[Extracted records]
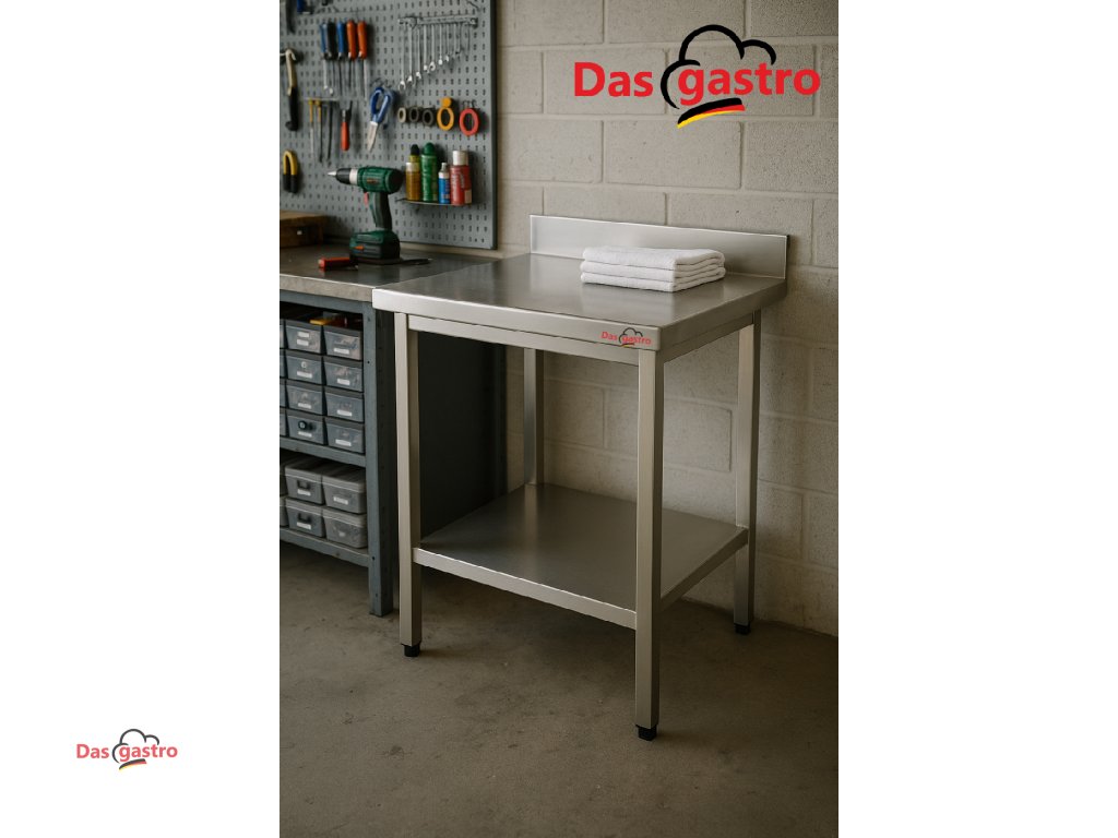 Nerezový pracovní stůl pro profesionální provozy. Stabilní konstrukce, snadná údržba a praktická spodní police z něj dělají ideální volbu do gastro kuchyní, přípraven i zázemí.
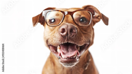 Happy dog on white background, wearing sunglasses
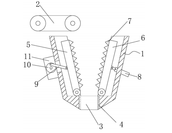 固廢土壤破碎設(shè)備,主要包括裝置外殼、進(jìn)料機(jī)構(gòu),所述進(jìn)料機(jī)構(gòu)位于裝置外殼上方,所述裝置外殼底部設(shè)置有排料孔,所述排料孔側(cè)壁上設(shè)置有耐磨層,所述裝置外殼內(nèi)部一側(cè)設(shè)置有破碎板A,另一側(cè)設(shè)置有破碎板B,所述破碎板B與調(diào)節(jié)桿連接,所述破碎板A、破碎板B側(cè)壁上設(shè)置有破碎齒,所述破碎板A與連接桿連接,所述連接桿與偏心輪連接,所述偏心輪與驅(qū)動電機(jī)連接。本發(fā)明結(jié)構(gòu)簡單,在使用時(shí)調(diào)節(jié)桿控制破碎板B的張角角度調(diào)節(jié),同時(shí)驅(qū)動電機(jī)帶動連接桿往復(fù)移動實(shí)現(xiàn)破碎板A可以對固廢進(jìn)行粉碎,這樣使垃圾得到充分粉碎,且避免了發(fā)生堵塞現(xiàn)象,有效的提高了垃圾的粉碎效率。
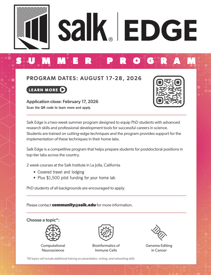 2) Salk Edge is open to earlier career PhD students (years 2-4) who are looking to enhance their training. This two-week, technique-intensive summer initiative is designed to equip PhD students with advanced research skills and professional development tools for successful careers in science.LEARN MORE AND APPLY Application deadline: March 1
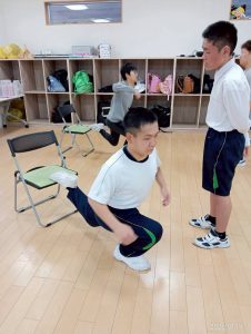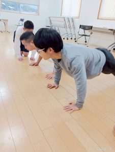 筋トレ班では基礎的なトレーニングから始まり、徐々に難易度が上がっていく筋トレプログラムに
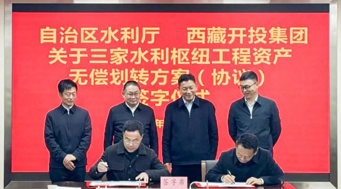 12月11日,自治區(qū)水利廳與西藏開投集團在拉薩簽署旁多、滿拉、拉洛三大水利樞紐工程資產(chǎn)無償劃轉(zhuǎn)協(xié)議,標志著西藏國有企業(yè)改革邁出堅實步伐。自治區(qū)水利廳黨組副書記、廳長和忠華,區(qū)政府國資委黨委委員、副主任于雷,西藏開投集團黨委書記、董事長祁騰武出席簽字儀式并講話。自治區(qū)水利廳黨組成員、副廳長趙輝與西藏開投集團黨委委員、副總經(jīng)理尼瑪代表雙方簽署協(xié)議。集團領(lǐng)導羅布次仁、陳焱罡出席儀式。
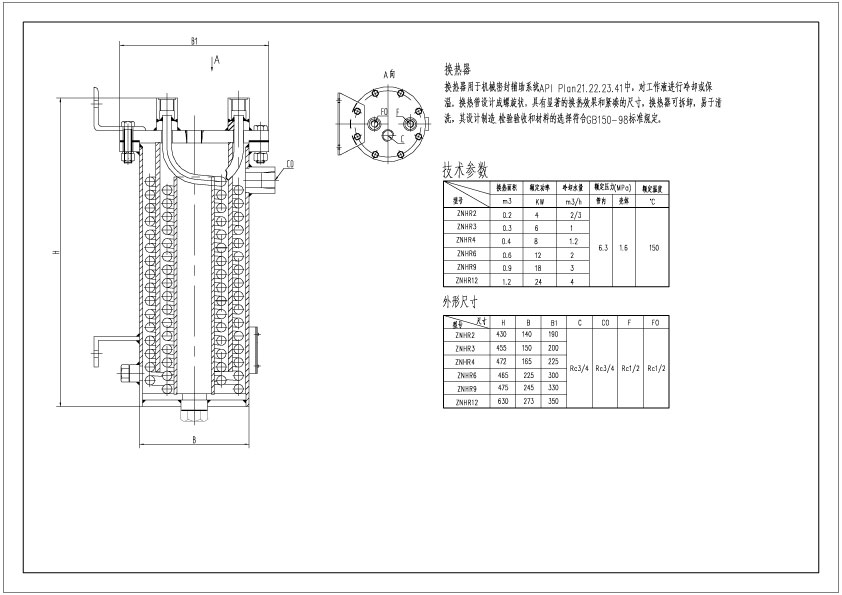 换热器用于机械密封辅助系统API Plan21.22.23.41中,对工作液进行冷却或保温,换热管设计成螺旋状,具有显著的换热效果和紧凑的尺寸。换热器可拆卸,易于清洗,其设计制造,检验验收和材料的选择符合GB150-98标准规定。
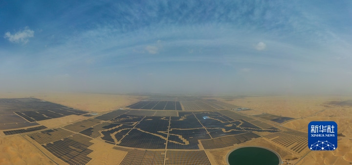 鄂爾多斯市庫(kù)布其沙漠深處,由近20萬(wàn)塊深藍(lán)色光伏板構(gòu)成的巨型駿馬圖令人震撼,不少“拍客”慕名而來(lái)。這處駿馬光伏電站相當(dāng)于180多個(gè)標(biāo)準(zhǔn)足球場(chǎng)大小,板上發(fā)電、板下種植,既利用豐富的太陽(yáng)能資源,又推動(dòng)沙漠生態(tài)治理。
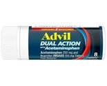 Advil Dual Action Coated Caplets with Acetaminophen are the first and only FDA approved pain relief medication that combines the top two selling pain fighting ingredients for powerful results. Formulated with 250 mg ibuprofen that targets pain at the source and 500 mg acetaminophen that blocks pain signals in each dose, these coated pain relief pills provide relief from a wide variety of aches and pains. This pain medicine provides headache, toothache, menstrual cramp, muscle pain and lower back

What is expected: Please give the entries again word for word, without any pictures.

Result for this exercise:
 Nerezový pracovní stůl pro profesionální provozy. Stabilní konstrukce, snadná údržba a praktická spodní police z něj dělají ideální volbu do gastro kuchyní, přípraven i zázemí.
 Happy dog on white background, wearing sunglasses
 固廢土壤破碎設(shè)備,主要包括裝置外殼、進(jìn)料機(jī)構(gòu),所述進(jìn)料機(jī)構(gòu)位于裝置外殼上方,所述裝置外殼底部設(shè)置有排料孔,所述排料孔側(cè)壁上設(shè)置有耐磨層,所述裝置外殼內(nèi)部一側(cè)設(shè)置有破碎板A,另一側(cè)設(shè)置有破碎板B,所述破碎板B與調(diào)節(jié)桿連接,所述破碎板A、破碎板B側(cè)壁上設(shè)置有破碎齒,所述破碎板A與連接桿連接,所述連接桿與偏心輪連接,所述偏心輪與驅(qū)動電機(jī)連接。本發(fā)明結(jié)構(gòu)簡單,在使用時(shí)調(diào)節(jié)桿控制破碎板B的張角角度調(diào)節(jié),同時(shí)驅(qū)動電機(jī)帶動連接桿往復(fù)移動實(shí)現(xiàn)破碎板A可以對固廢進(jìn)行粉碎,這樣使垃圾得到充分粉碎,且避免了發(fā)生堵塞現(xiàn)象,有效的提高了垃圾的粉碎效率。
 2) Salk Edge is open to earlier career PhD students (years 2-4) who are looking to enhance their training. This two-week, technique-intensive summer initiative is designed to equip PhD students with advanced research skills and professional development tools for successful careers in science.LEARN MORE AND APPLY Application deadline: March 1
 筋トレ班では基礎的なトレーニングから始まり、徐々に難易度が上がっていく筋トレプログラムに
 12月11日,自治區(qū)水利廳與西藏開投集團在拉薩簽署旁多、滿拉、拉洛三大水利樞紐工程資產(chǎn)無償劃轉(zhuǎn)協(xié)議,標志著西藏國有企業(yè)改革邁出堅實步伐。自治區(qū)水利廳黨組副書記、廳長和忠華,區(qū)政府國資委黨委委員、副主任于雷,西藏開投集團黨委書記、董事長祁騰武出席簽字儀式并講話。自治區(qū)水利廳黨組成員、副廳長趙輝與西藏開投集團黨委委員、副總經(jīng)理尼瑪代表雙方簽署協(xié)議。集團領(lǐng)導羅布次仁、陳焱罡出席儀式。
 换热器用于机械密封辅助系统API Plan21.22.23.41中,对工作液进行冷却或保温,换热管设计成螺旋状,具有显著的换热效果和紧凑的尺寸。换热器可拆卸,易于清洗,其设计制造,检验验收和材料的选择符合GB150-98标准规定。
 鄂爾多斯市庫(kù)布其沙漠深處,由近20萬(wàn)塊深藍(lán)色光伏板構(gòu)成的巨型駿馬圖令人震撼,不少“拍客”慕名而來(lái)。這處駿馬光伏電站相當(dāng)于180多個(gè)標(biāo)準(zhǔn)足球場(chǎng)大小,板上發(fā)電、板下種植,既利用豐富的太陽(yáng)能資源,又推動(dòng)沙漠生態(tài)治理。
 Advil Dual Action Coated Caplets with Acetaminophen are the first and only FDA approved pain relief medication that combines the top two selling pain fighting ingredients for powerful results. Formulated with 250 mg ibuprofen that targets pain at the source and 500 mg acetaminophen that blocks pain signals in each dose, these coated pain relief pills provide relief from a wide variety of aches and pains. This pain medicine provides headache, toothache, menstrual cramp, muscle pain and lower back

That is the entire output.